■ **PROBLEM REQUIREMENTS**: Only one stretch of the data should be retyped: the lines from the line containing "2 dormitórios (2 suítes)" through the line containing "Warning Highly Unstable". Keep pictures out of it.

■ **RECORDS SHOWN**:
:::::

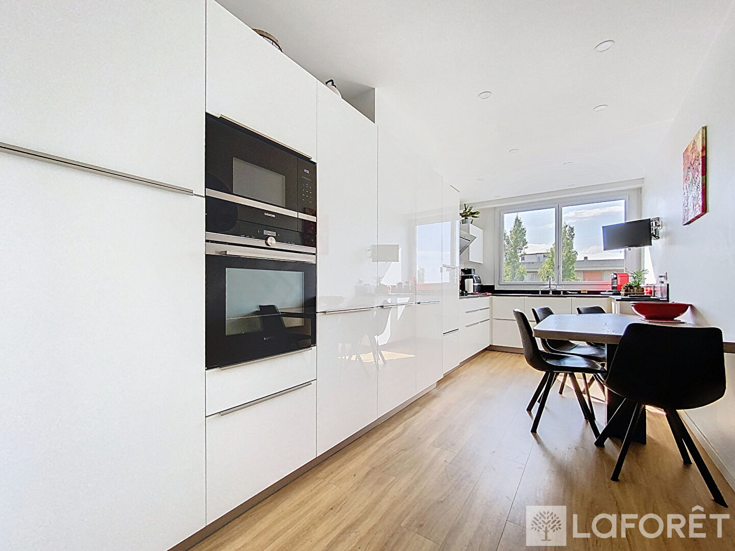 Ce logement lumineux aux prestations de qualité vous séduira dès l'entrée, qui dessert une cuisine moderne, aménagée et entièrement équipée (four, micro-ondes, plaque de cuisson, hotte, lave-vaisselle et réfrigérateur). Vous profiterez d'une spacieuse pièce de vie de plus de 35 m² sur parquet massif, comprenant un espace salon et salle à manger, le tout prolongé par un balcon offrant une vue imprenable sur la ville.
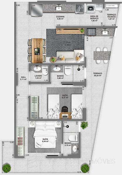2 dormitórios (2 suítes)
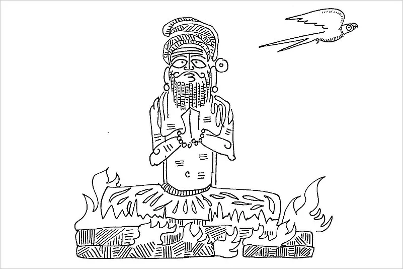 An illustration shows Raja Ratansen on the burning pyre; for Jayasi, sati is not the sole prerogative of women
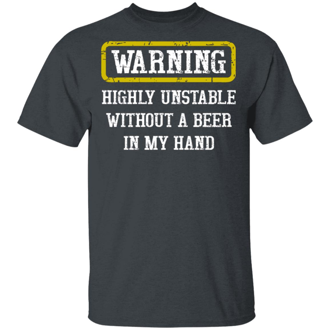 Warning Highly Unstable Without A Beer In My Hand T-Shirt – Beer Lover Shirt
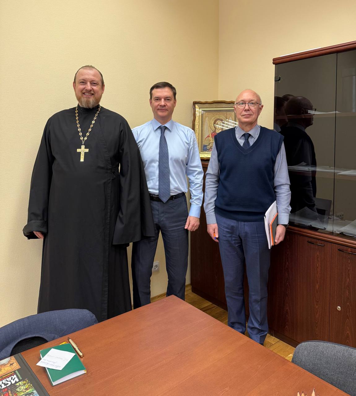 20 февраля 2026 года в рамках работы епархиального отдела по взаимодействию с казачеством Шахтинской епархии состоялась встреча его руководителя, настоятеля Донского храма города Новошахтинска протоиерея Романа Амплеева, с директором департамента по делам казачества и кадетских учебных заведений Ростовской области Сергеем Владимировичем Красавиным и его заместителем – начальником отдела Александром Викторовичем Лазаревым.

:::::

■ **REPLY TO THE EXERCISE**:
2 dormitórios (2 suítes)
 An illustration shows Raja Ratansen on the burning pyre; for Jayasi, sati is not the sole prerogative of women
 Warning Highly Unstable Without A Beer In My Hand T-Shirt – Beer Lover Shirt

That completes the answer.